◆ Given entries
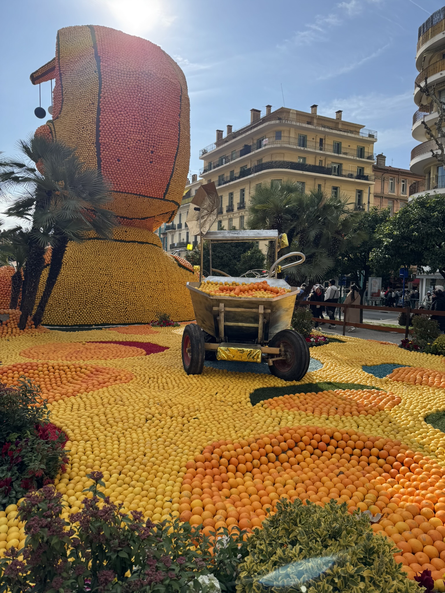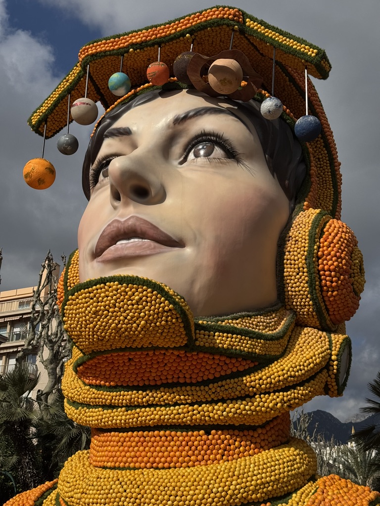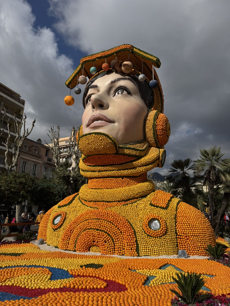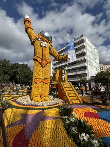 Amazing citrus sculptures line the main square for this festival attracting more than 200,000 visitors per year. Much like Carnaval, a variety of events are spread out over 15 days, including daytime and evening parades. We opted for the first Sunday parade, heeding the advice to get to town before 11 for the 2:30 parade. That gave us ample time to wander the craftsmanship market, where there was everything from lemonade and fresh squeezed orange juice, to the incredible Herbin jams. Every massive sculpture warranted many photos, as they were carefully adorned with whimsical citrus and floral landscapes. It was a bright sunny day, making the colors pop even more. We were able to walk by many of the floats as we made our way to our assigned seats, allowing us even more photo ops.
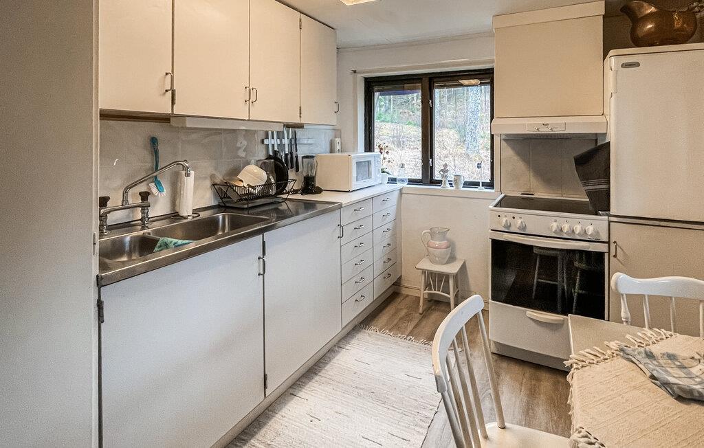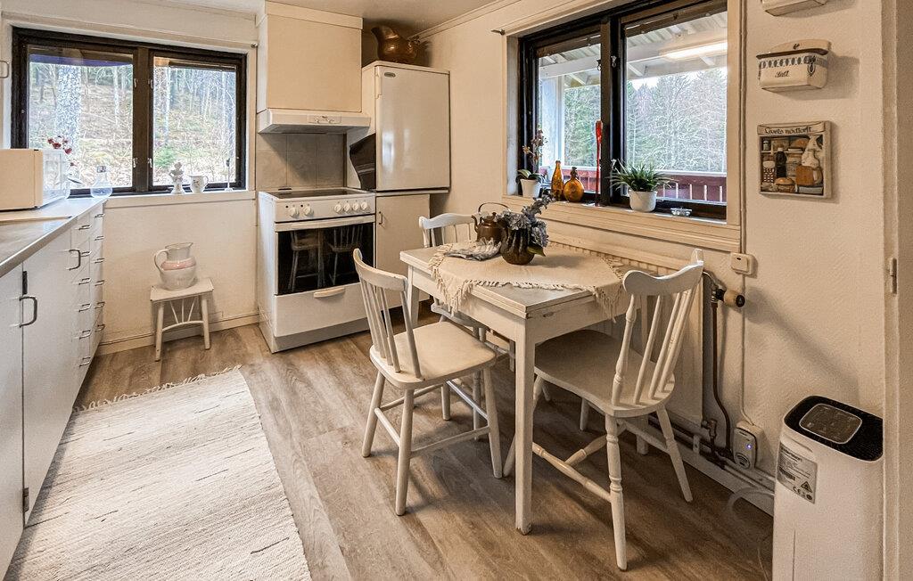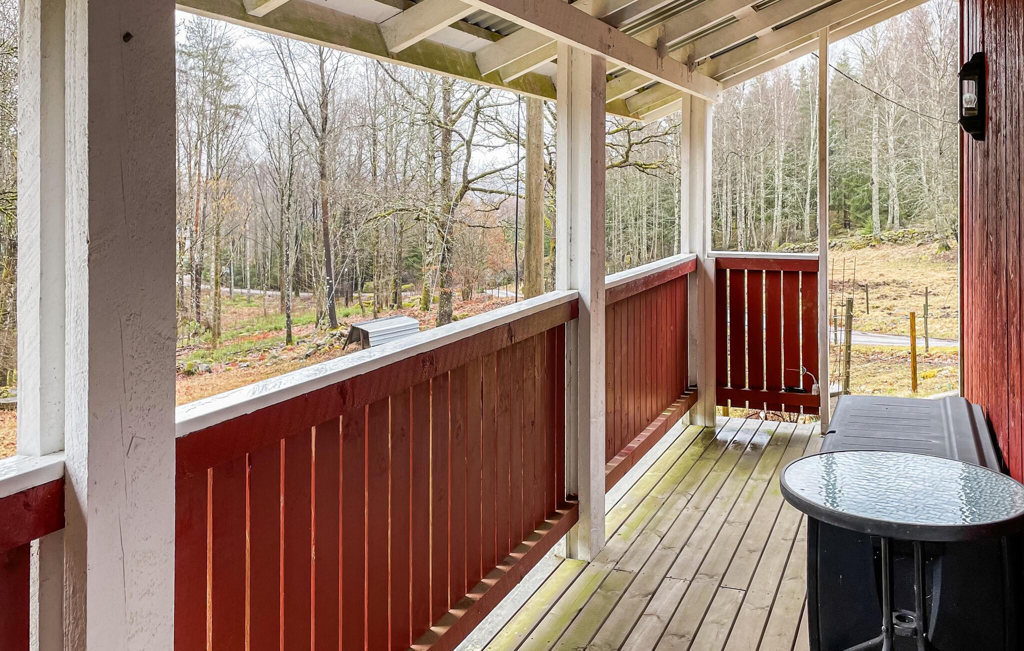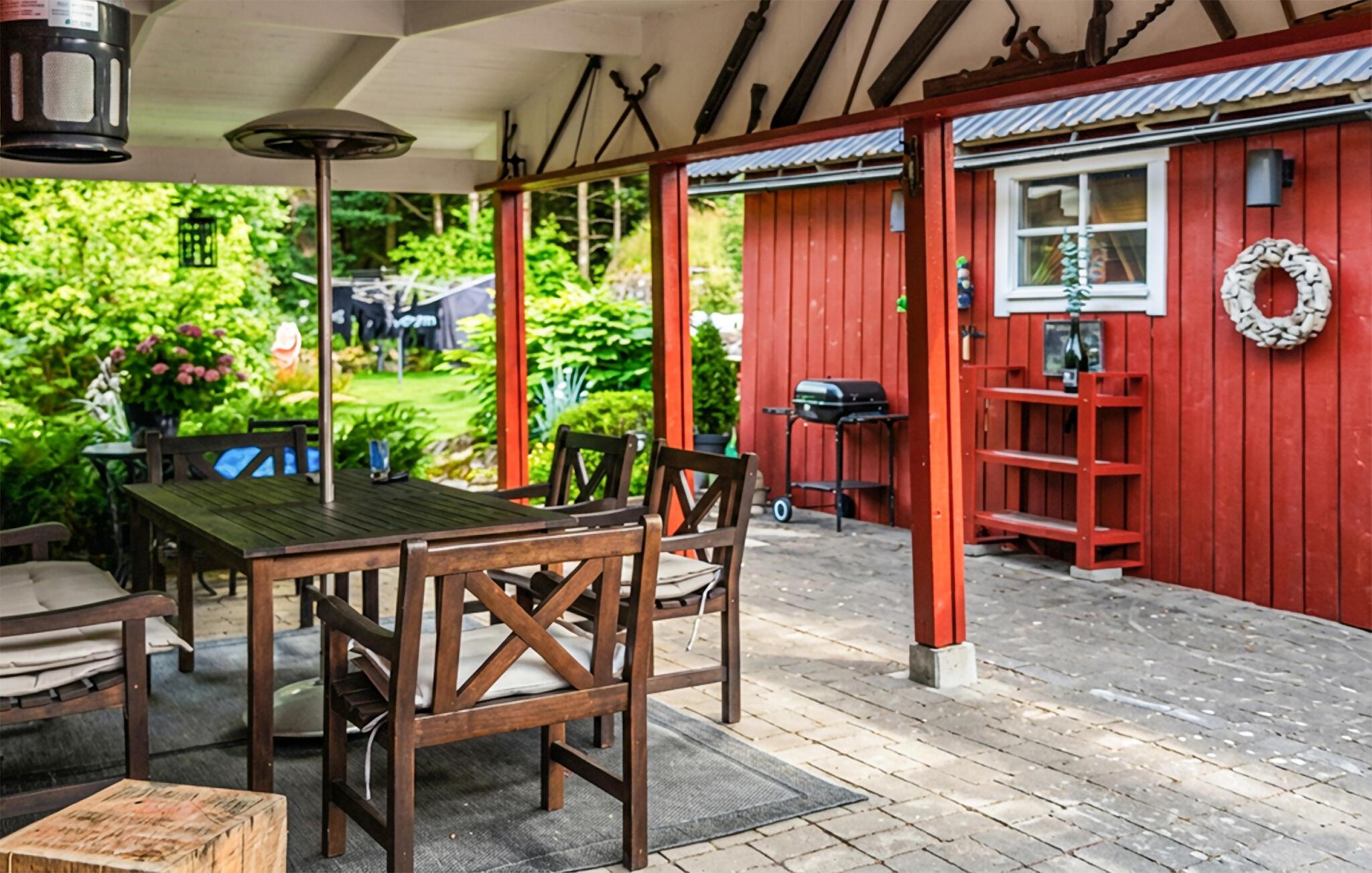 Gehen Sie hinaus auf die überdachte Terrasse und genießen Sie geschützte Stunden im Freien. Nutzen Sie den großzügigen Sitzbereich für gemeinsame Mahlzeiten oder entspannen Sie im Garten, der von Natur umgeben ist. Spazieren Sie durch die ruhige Umgebung und erreichen Sie nach kurzer Zeit den See Öresjön. Dort lädt ein Badesteg zum Verweilen ein, und Sie haben die Möglichkeit, ein Floß vom Hausbesitzer zu mieten.
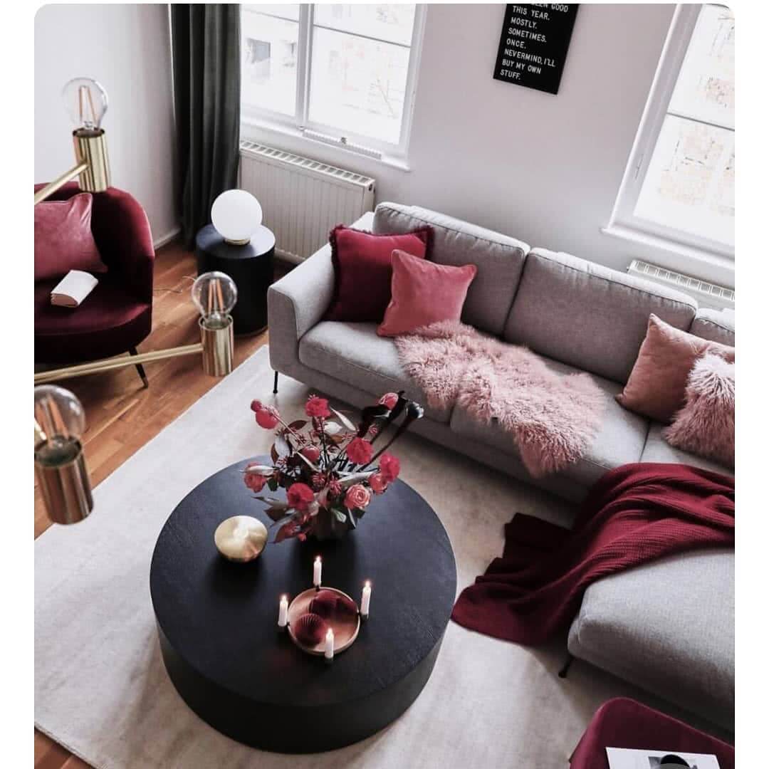 Серый + красный. Не берите приглушенные оттенки красного: алый, малиновый, фуксия смотрятся ярко и свежо. Даже монохромный дизайн заиграет по-новому.
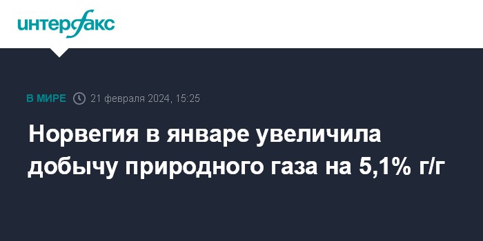Москва. 21 февраля. INTERFAX.RU - Добыча природного газа в Норвегии в январе составила 11,71 млрд кубометров, что на 5,1% больше показателя за тот же месяц прошлого года, по предварительным данным Норвежского офшорного директората (NOD).
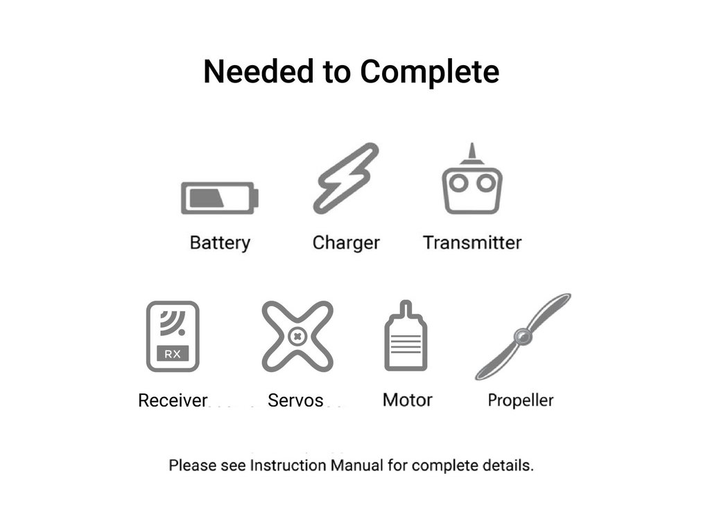 Pro uvedení do provozu je potřeba doplnit motor Outrunner 900–1500W, regulátor 100A, serva Mini (2x min. 9 kg.cm pro křidélka, 2x min. 11 kg.cm pro směrovku a výškovku), min. 4kanálovou RC soupravu, pohonný LiPo akumulátor 6S 22.2V 3200-7000mAh 30C+ a kompatibilní nabíječ.
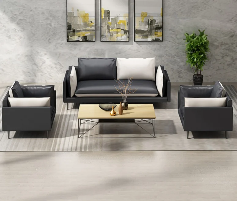 Nedorogo - Креативный кожаный диван для офиса, простой современный деловой прием, для трех человек, железный чайный столик, комбинированный костюм
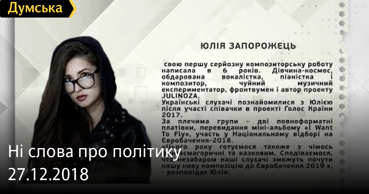 Юлія Запорожець — піаністка, вокалістка СМЕРТЬ РОССИЙСКИМ ОККУПАНТАМ! Заметили ошибку? Выделяйте слова с ошибкой и нажимайте control-enter Думская ТВ. Ни слова о политике (День на Думской):
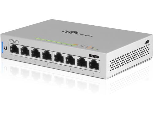 Der US-8 Switch ermöglicht die einfache Integration weiterer Netzwerkgeräte, während die Stromversorgung zu Ihren PoE-Geräten aufrechterhalten bleibt. Bei Betrieb über PoE 802.3at liefert er PoE Out nach 802.3af-Standard. Wenn der Switch über das Netzteil betrieben wird, unterstützt er auf Port 8 Passive PoE mit 48V (2-pair).
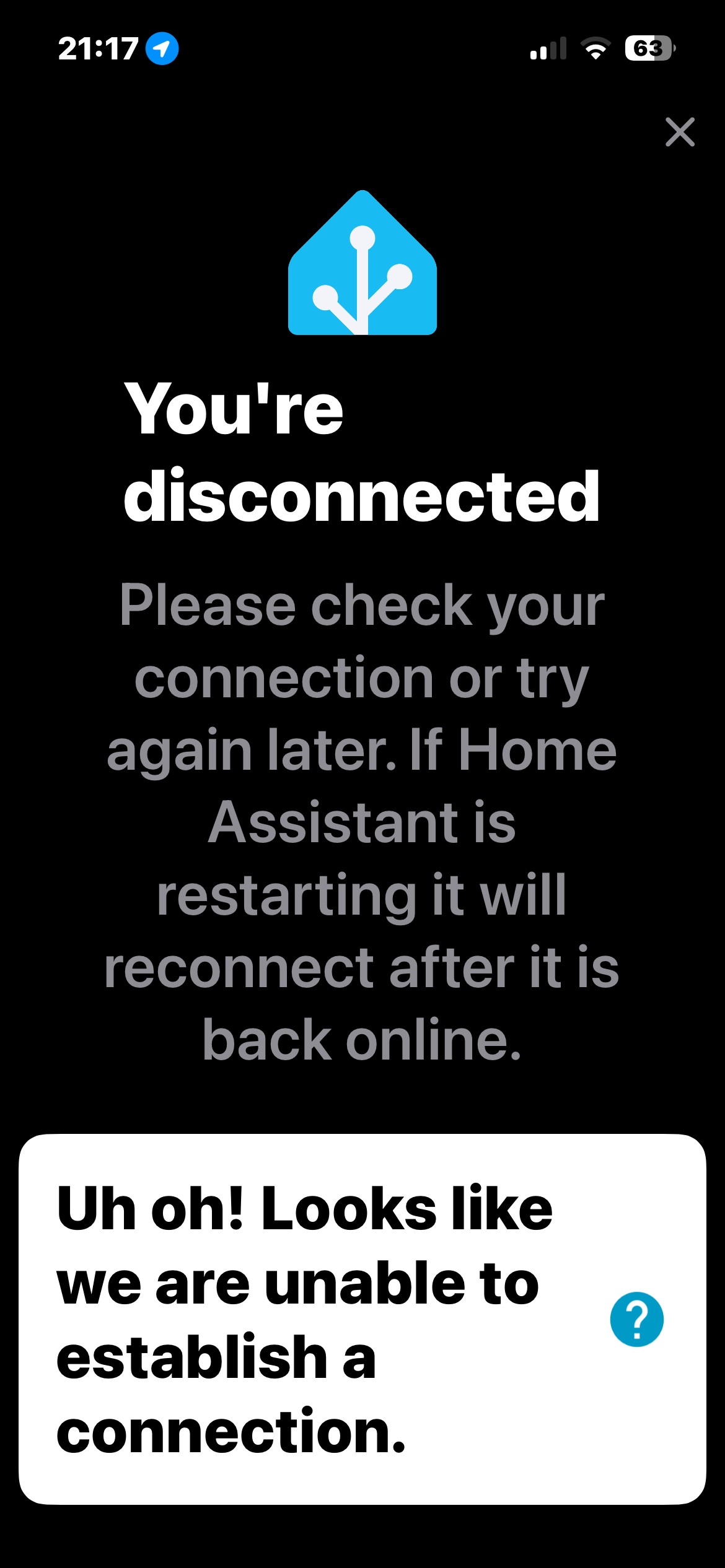 Just started happening tonight. I cannot connect via the app or with Macbook. I’ve tried rebooting the Home Assistant Yellow multiple times. The image is what I get on my iPhone. I’ve no idea where to start. Thanks!
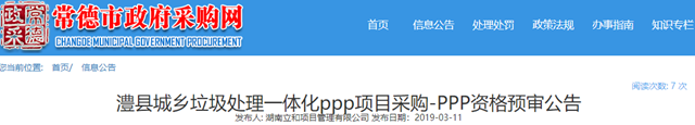 2019年3月11日,湖南常德澧縣城鄉(xiāng)垃圾處理一體化PPP項(xiàng)目發(fā)布資格預(yù)審公告。
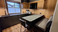Diese U-Küche verfügt über praktische Oberschränke mit integrierter Beleuchtung, die für eine optimale Ausleuchtung der Arbeitsfläche sorgen. Der integrierte Sitzbereich bietet eine gemütliche Ecke zum Entspannen und Verweilen mit der Familie oder Freunden.
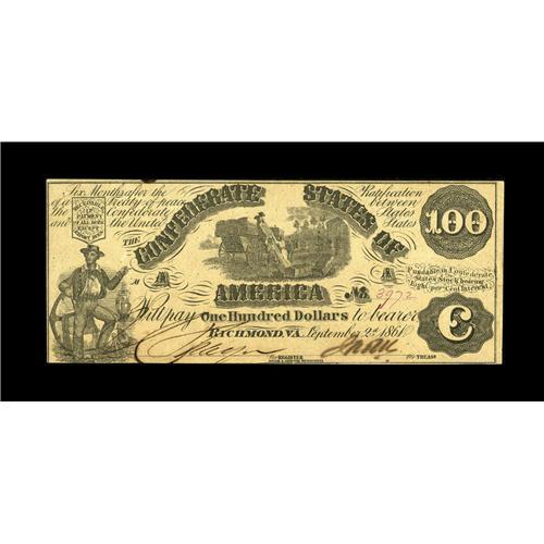 <B>CT13/55 Counterfeit $100 1861.</B></I> This skillful lithographed counterfeit has plate letter MA and hand-written serial numbers and signatures. It is listed as a Rarity 8 in <I>Counterfeit Currency of the Confederate States of America</B></I> by George R. Tremmel. This <B>Crisp Uncirculated</B></I> counterfeit exhibits a tiny bit of ink erosion and some pinholes.
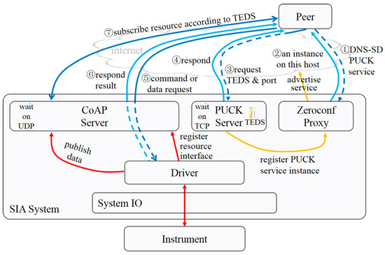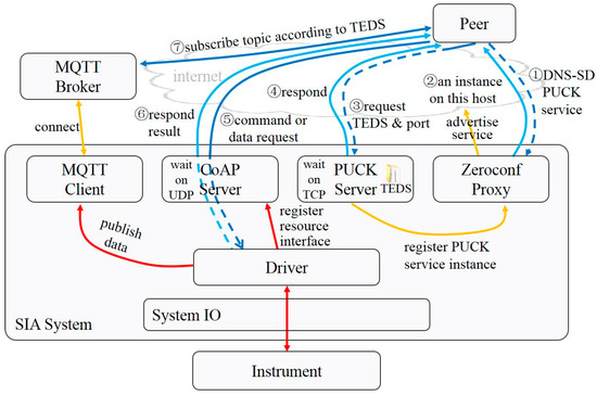 Once powered up, the SIA first initializes all universal modules and registers TEDS to the PUCK module. The PUCK server starts listening on the TCP port and registers the service instance to the Zeroconf proxy module. Then, the Zeroconf proxy advertises the service instance and listens over mDNS. In the meantime, the CoAP server starts listening on the UDP port, and the port number is registered to the PUCK module. If an MQTT broker is available, the MQTT client module will figure out the address of the MQTT broker and connect with it, waiting for publishing data for the driver.

◆ Exercise aim
Exact copy, pictures excluded: from the line with "Москва. 21 февраля." up to and including the line with "Юлія Запорожець —" in the data above.

◆ Reply
Москва. 21 февраля. INTERFAX.RU - Добыча природного газа в Норвегии в январе составила 11,71 млрд кубометров, что на 5,1% больше показателя за тот же месяц прошлого года, по предварительным данным Норвежского офшорного директората (NOD).
 Pro uvedení do provozu je potřeba doplnit motor Outrunner 900–1500W, regulátor 100A, serva Mini (2x min. 9 kg.cm pro křidélka, 2x min. 11 kg.cm pro směrovku a výškovku), min. 4kanálovou RC soupravu, pohonný LiPo akumulátor 6S 22.2V 3200-7000mAh 30C+ a kompatibilní nabíječ.
 Nedorogo - Креативный кожаный диван для офиса, простой современный деловой прием, для трех человек, железный чайный столик, комбинированный костюм
 Юлія Запорожець — піаністка, вокалістка СМЕРТЬ РОССИЙСКИМ ОККУПАНТАМ! Заметили ошибку? Выделяйте слова с ошибкой и нажимайте control-enter Думская ТВ. Ни слова о политике (День на Думской):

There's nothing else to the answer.